BEGIN Provided records

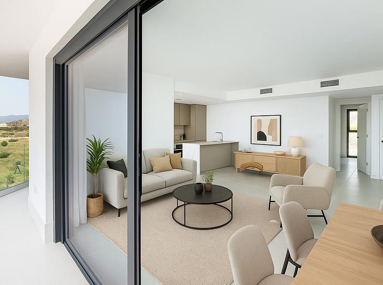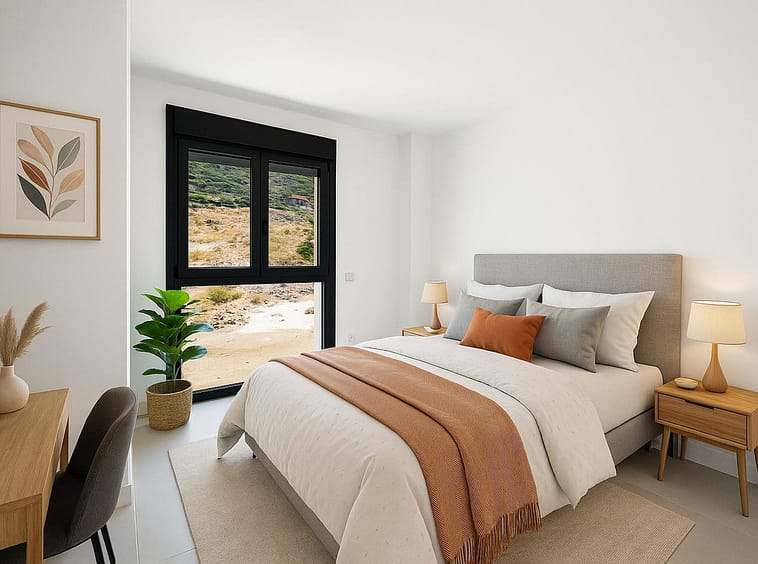 Brand-new and ready to move in! This elegant three-bedroom, two-bathroom apartment islocated on a high floor and stands out for its natural light, thanks to its corner position andexcellent southwest orientation. From the spacious 25 m² covered terrace, you can enjoysun all day long and breathtaking 180° open views of the sea and mountains. The layout isboth practical and welcoming, featuring an open-plan living and dining area connected toa fully equipped kitchen with high-quality finishes. The master bedroom includes an en-suite bathroom, while the other two bedrooms share a second full bathroom. Highlightsinclude double-glazed exterior carpentry, underfloor heating in the bathrooms, and anenergy-efficient aerothermal climate control system. Energy rating: A.
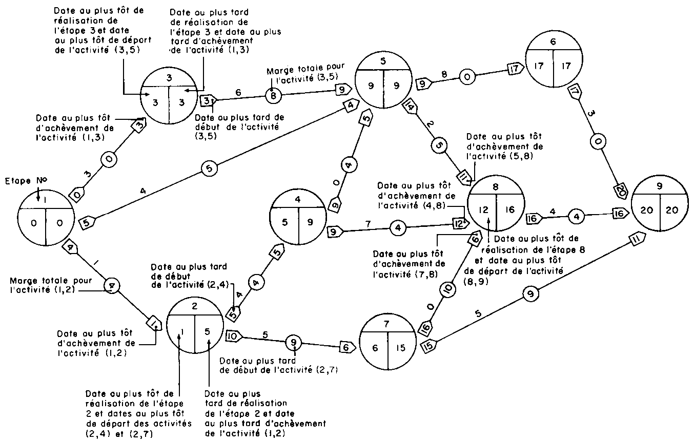 Toutes les activités comportant un zéro dans le cercle réservé à la marge totale constituent le chemin critique. Toutes les autres, ayant une marge supérieure à zéro, peuvent être retardées jusqu'à concurrence du chiffre indiqué sans retard dans l'achèvement du projet.
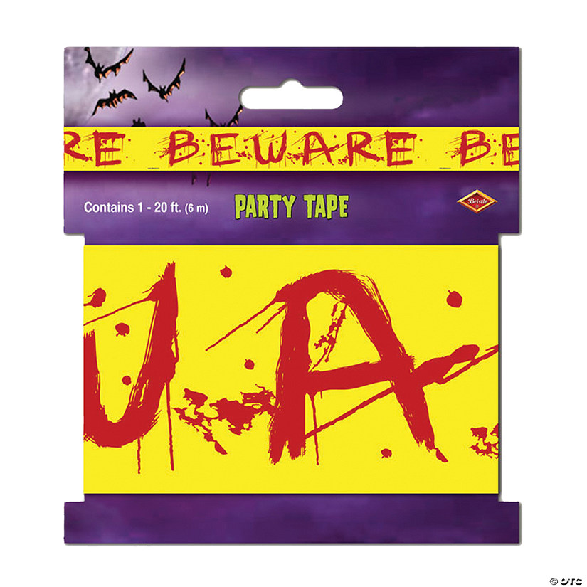 Perfect for decorating your front porch, lamppost and banisters for Halloween! Yellow tape with the word Beware written in red. Indoor/Outdoor use. Polyethylene. 3 ft.H x 20 ft.W.Special Shipping Information: This item ships separately from other items in your order. This item cannot ship to a P.O. Box. This item may be subject to additional processing days.ITEM IS NOT ELIGIBLE FOR EXPEDITED SHIPPING
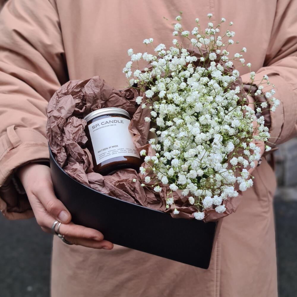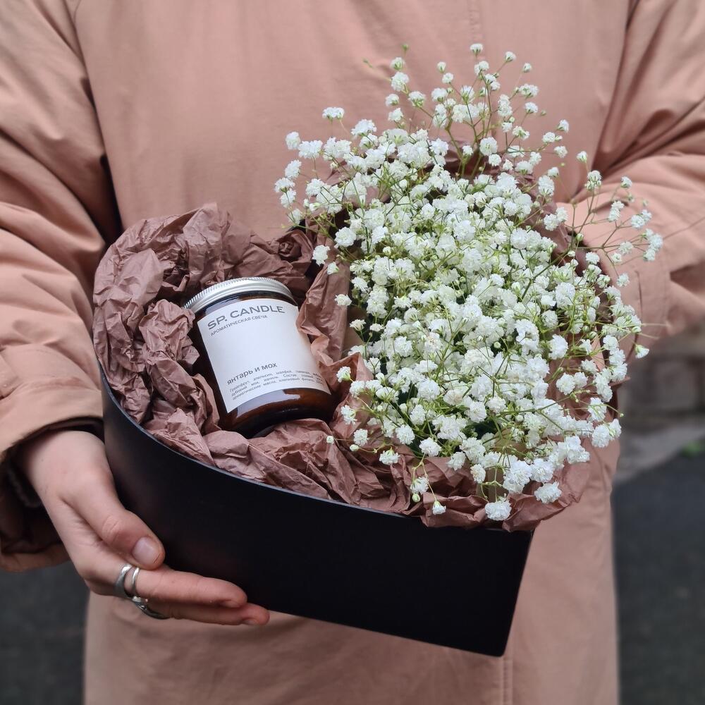 “Атлас☁️” – цветочная композиция с зефиром в деревянном ящике
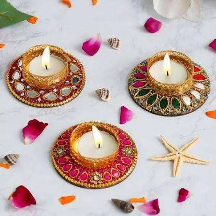 เชิงเทียนดอกบัวเรซิ่นอาร์ตเดคโคหลากสีสำหรับตกแต่งบ้านดิวาลี
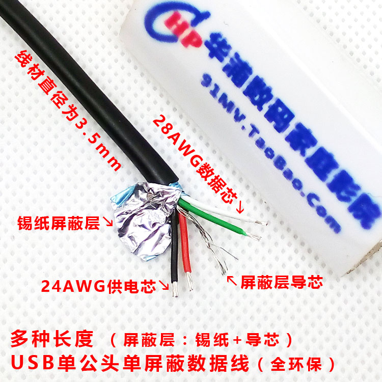 全环保USB单头数据线材单公头单母头4芯带屏蔽锡纸多种规格可选择
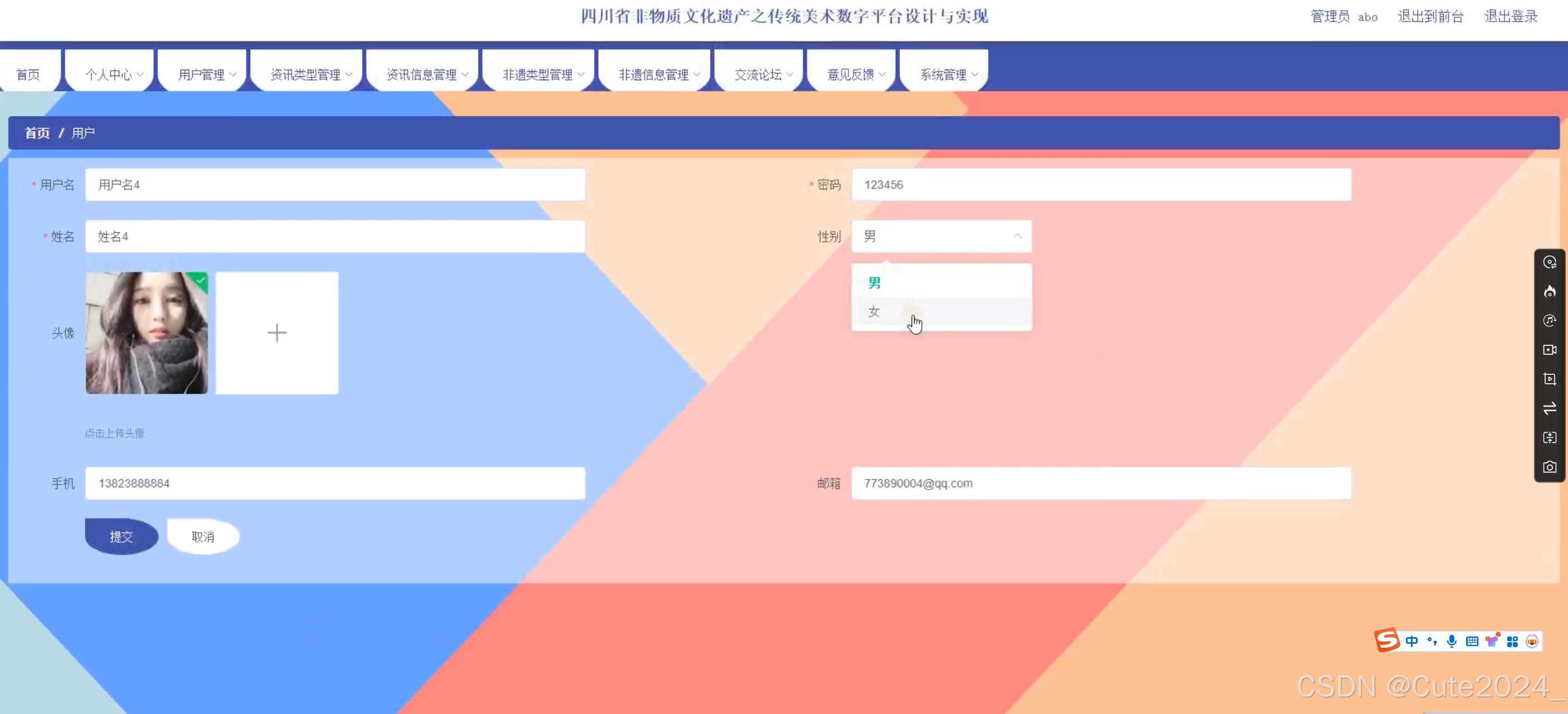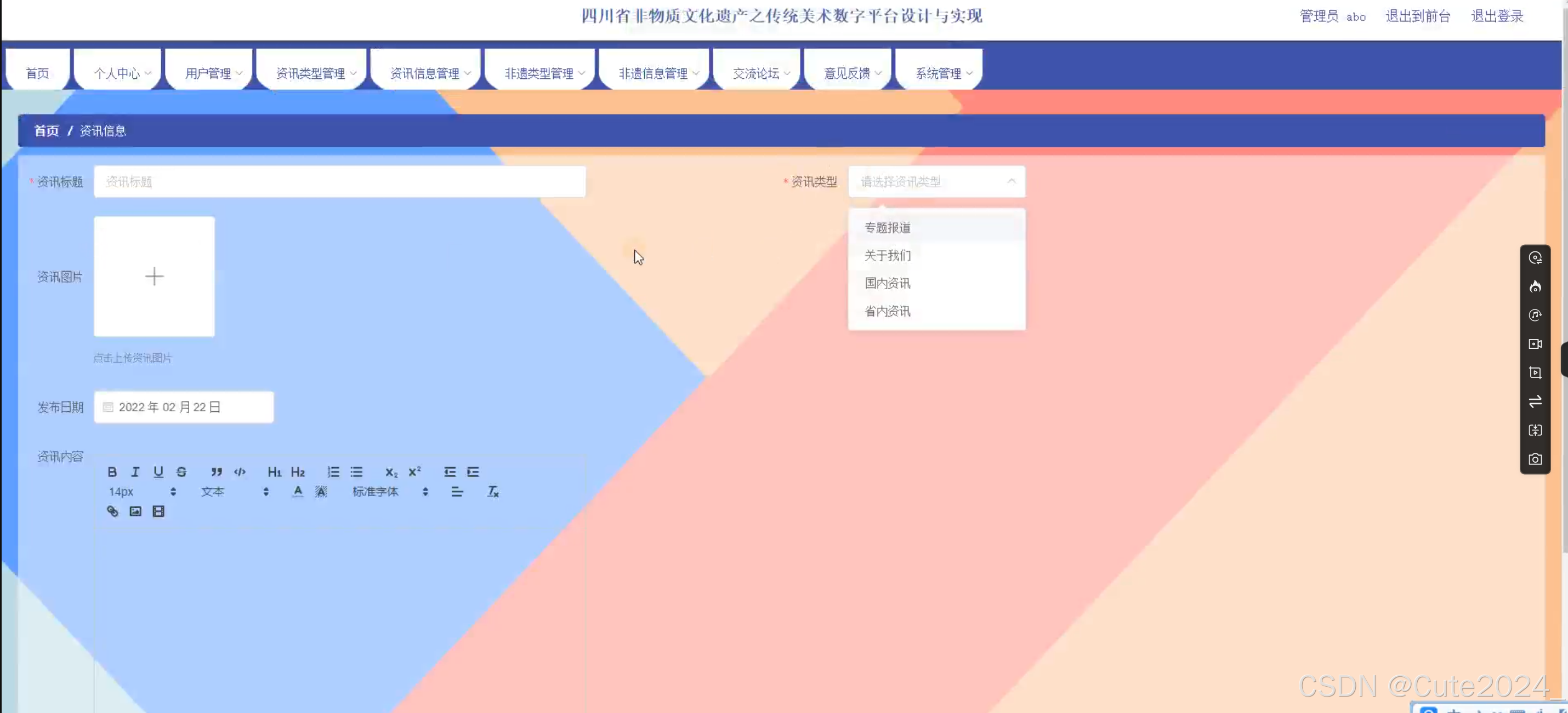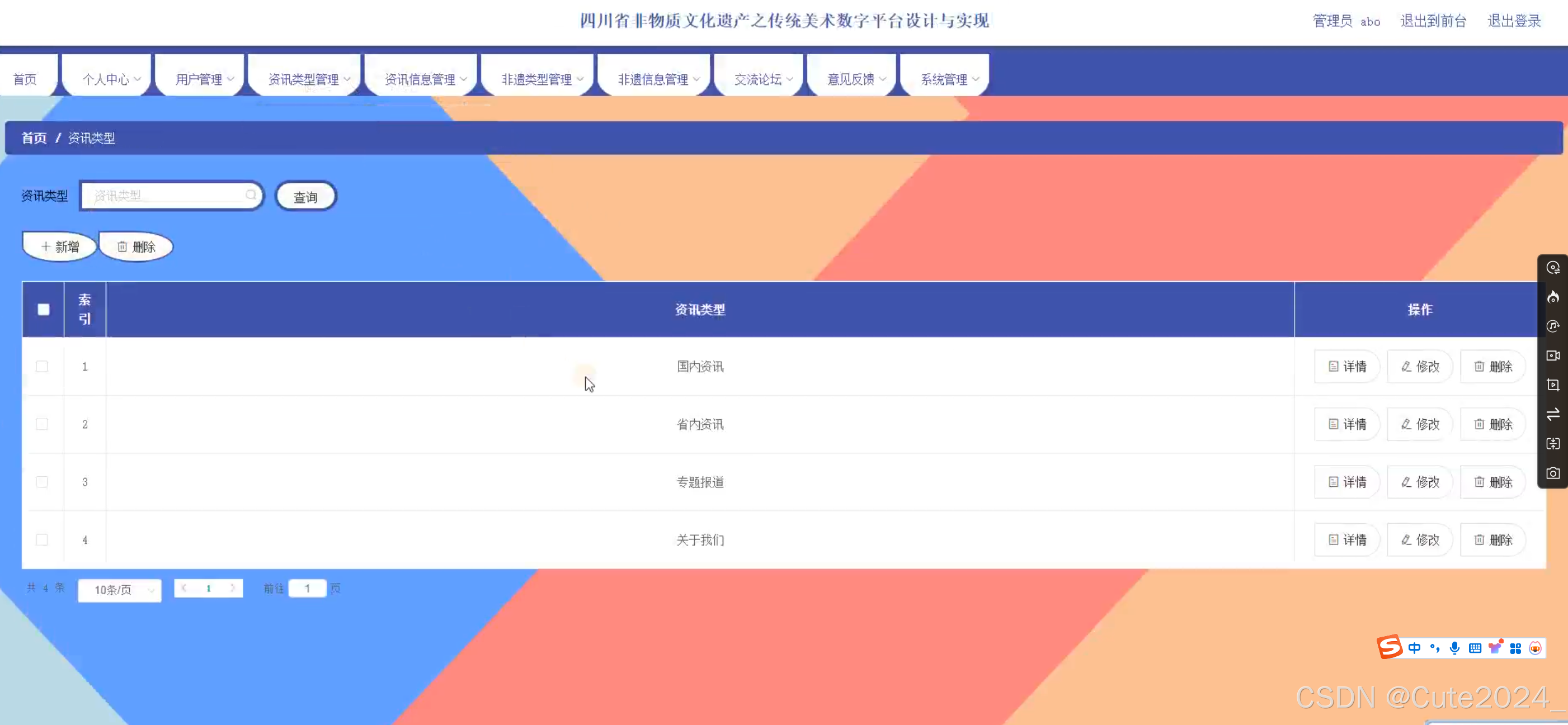 - 资讯类型与资讯信息管理:涵盖非遗新闻动态、活动预告、传承人访谈等内容,确保信息的时效性与丰富性。

END Provided records

**Task statement**
Extract all the data above exactly, excluding every picture.

**Solution below**
 Brand-new and ready to move in! This elegant three-bedroom, two-bathroom apartment islocated on a high floor and stands out for its natural light, thanks to its corner position andexcellent southwest orientation. From the spacious 25 m² covered terrace, you can enjoysun all day long and breathtaking 180° open views of the sea and mountains. The layout isboth practical and welcoming, featuring an open-plan living and dining area connected toa fully equipped kitchen with high-quality finishes. The master bedroom includes an en-suite bathroom, while the other two bedrooms share a second full bathroom. Highlightsinclude double-glazed exterior carpentry, underfloor heating in the bathrooms, and anenergy-efficient aerothermal climate control system. Energy rating: A.
 Toutes les activités comportant un zéro dans le cercle réservé à la marge totale constituent le chemin critique. Toutes les autres, ayant une marge supérieure à zéro, peuvent être retardées jusqu'à concurrence du chiffre indiqué sans retard dans l'achèvement du projet.
 Perfect for decorating your front porch, lamppost and banisters for Halloween! Yellow tape with the word Beware written in red. Indoor/Outdoor use. Polyethylene. 3 ft.H x 20 ft.W.Special Shipping Information: This item ships separately from other items in your order. This item cannot ship to a P.O. Box. This item may be subject to additional processing days.ITEM IS NOT ELIGIBLE FOR EXPEDITED SHIPPING
 “Атлас☁️” – цветочная композиция с зефиром в деревянном ящике
 เชิงเทียนดอกบัวเรซิ่นอาร์ตเดคโคหลากสีสำหรับตกแต่งบ้านดิวาลี
 全环保USB单头数据线材单公头单母头4芯带屏蔽锡纸多种规格可选择
 - 资讯类型与资讯信息管理:涵盖非遗新闻动态、活动预告、传承人访谈等内容,确保信息的时效性与丰富性。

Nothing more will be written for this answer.